To prepare S.b-filtered supernatants, lyophilized S.b powder was dissolved in DMEM media (100 mg/ml, i.e., 10%) overnight in 37°C with shaking as previously described (6). The culture was then centrifuged at 4,000 rpm at 4°C, followed by a filtration through a 0.22-μm filter to remove the yeast cells. The filtered supernatants were then used to treat the serum-starved cells. The control group was incubated with serum-free DMEM without S.b-filtered supernatant.

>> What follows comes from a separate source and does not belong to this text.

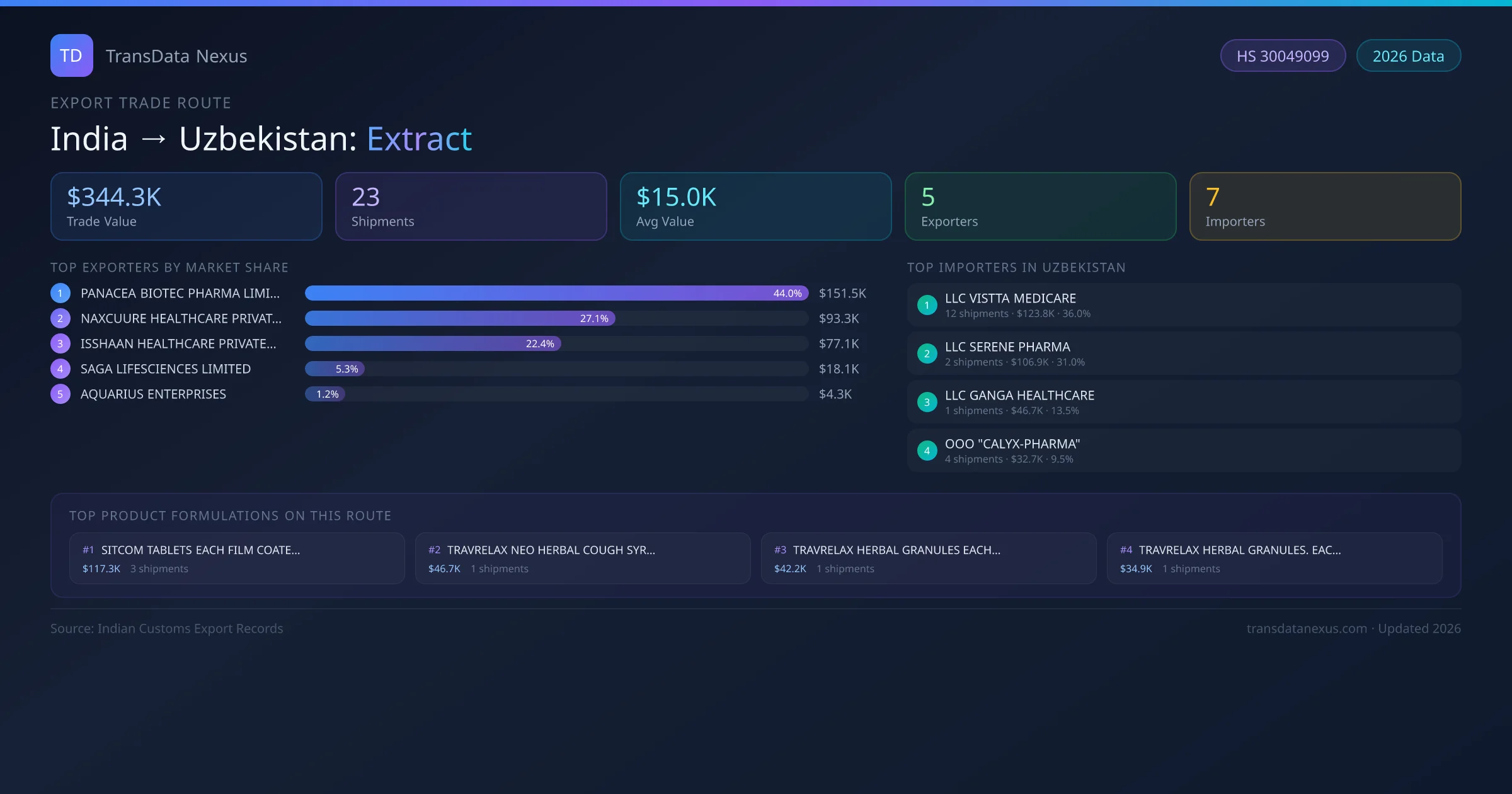 The India to Uzbekistan Extract corridor is one of India's established pharmaceutical export routes, with 23 shipments documented worth a combined $344.3K USD. The route is dominated by PANACEA BIOTEC PHARMA LIMITED, which alone accounts for roughly 44% of all export value, reflecting the consolidated nature of India's extract manufacturing sector.

Actin cytoskeleton staining.
Culture conditions of cells in the ActinGreen staining studies were the same as the cell rounding experiments. Two drops of ActinGreen reagent (R37110, ThermoFisher, Canoga Park, CA) were added to the culture (1 ml) during the last hour of the experiments. At the end of the incubation period, one drop of DAPI solution (Sc-24941, Santa Cruz) was added to the cell cultures and a coverslip was placed. Stained cells were observed under a confocal microscope: green = actin; blue = nuclei.
PCR analysis of C. difficile toxin A and B genes in cecal content.
To detect presence of C. difficile toxin A (tcdA) and toxin B (tcdB) genes in cecal contents, fresh cecal contents were collected into Eppendorf tubes and snapped frozen in dry ice, followed by storage in −80°C. We used 200 mg of cecal content per hamster to prepare bacterial DNA using QIAamp DNA Stool Mini Kit (no. 51504, Qiagen, Valencia, CA). The DNA concentration was measured by a Nanodrop machine and was then normalized to 100 ng per PCR reaction with water. The PCR detection of tcdA and tcdB was performed in separate reactions as previously described (34). All sample reactions were performed in duplicate. After 40 cycles of PCR amplification, the Ct values were used to evaluate the presence or absence of tcdA and tcdB genes. High Ct value (∼35–40) or absence of Ct value indicates the absence of tcdA and tcdB in cecal content. Low Ct value below 35 indicates the presence of tcdA and tcdB in cecal content.
Statistical analysis.
Quantitative results were expressed with error bars as means ± SE. Results were analyzed using Prism professional statistics software program (GraphPad, San Diego, CA). We used Mann-Whitney U two-tailed test for intergroup comparison unless otherwise specified. For all animal experiments, n = 5 hamsters per group.
RESULTS
Live, but not heated, S. boulardii significantly inhibited C. difficile strain VPI10463-mediated cecal inflammation in hamsters.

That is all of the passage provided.